Cincinnati
(spr. ssinssinati), Hauptstadt der
Grafschaft
Hamilton im nordamerikan.
Staat
Ohio, eine der bedeutendsten
Handels- und Fabrikstädte
Amerikas, genannt die
»Königin des
Westens«. Cincinnati
liegt am rechten
Ufer des 600 m
breiten
Flusses
Ohio, auf zwei
Terrassen (16 und 33 m über dem höchsten Wasserstand), von denen die obere allmählich zum
Auburn- und andern
Hügeln ansteigt, die, von Landhäusern und Weingärten bedeckt, die Stadt in großem
Halbkreis einfassen
und eine
Höhe von 142 m erreichen.
Der innere Teil der Stadt ist dicht bebaut, doch sind auch hier die Straßen breit und teilweise mit Bäumen besetzt. Die Hauptstraße (Main Street) läuft vom Anlegeplatz der Dampfschiffe 2,5 km weit nach N.; sie ist Hauptsitz des Großhandels und wird von 14 Straßen rechtwinkelig durchschnitten. Von diesen ist Pearl Street namentlich den Geldgeschäften gewidmet, Fourth Street (»vierte Straße«) dient als fashionable Promenade, und die Fifth Street (»fünfte Straße«) enthält die schönsten Kaufmannsläden, mehrere Markthallen [* 2] und den in München [* 3] hergestellten Tyler Davidson-Brunnen.
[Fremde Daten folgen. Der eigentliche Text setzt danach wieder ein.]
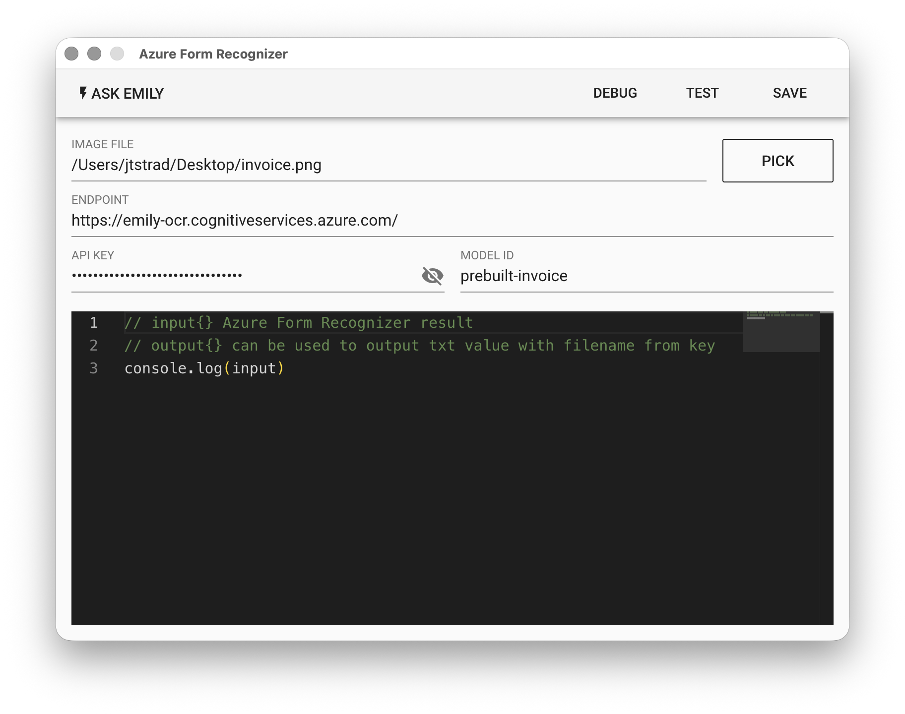 ENDPOINT - The Form Recognizer service endpoint created in Azure.
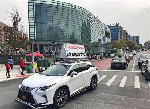 全球.退:党!服务中心希望用这种车载真相展板形式触及的到更多的人。全球.退:党!服务中心主席易容说:“因为我们是动态的,我们可以随时移动。尤其在曼哈顿、时代广场、42街这些地方,传给纽约人。瘟疫期间大家也不愿意近距离接触,真相车走一走大家也看到,也很自然。非常容易接受。”

Der Miamikanal teilt die Stadt in zwei Hälften, von welchen die östliche fast ausschließlich von Deutschen bewohnt ist und daher scherzweise Little Germany (»Kleindeutschland«) genannt wird, während man dem Kanal [* 4] den Namen »Rhein« beilegt. In den Vorstädten stehen die Häuser teilweise noch sehr zerstreut, und viele Straßen sind noch nicht gepflastert, welcher Umstand in Verbindung mit den zahlreichen Schweinen gerade nicht zu deren Reinlichkeit beiträgt.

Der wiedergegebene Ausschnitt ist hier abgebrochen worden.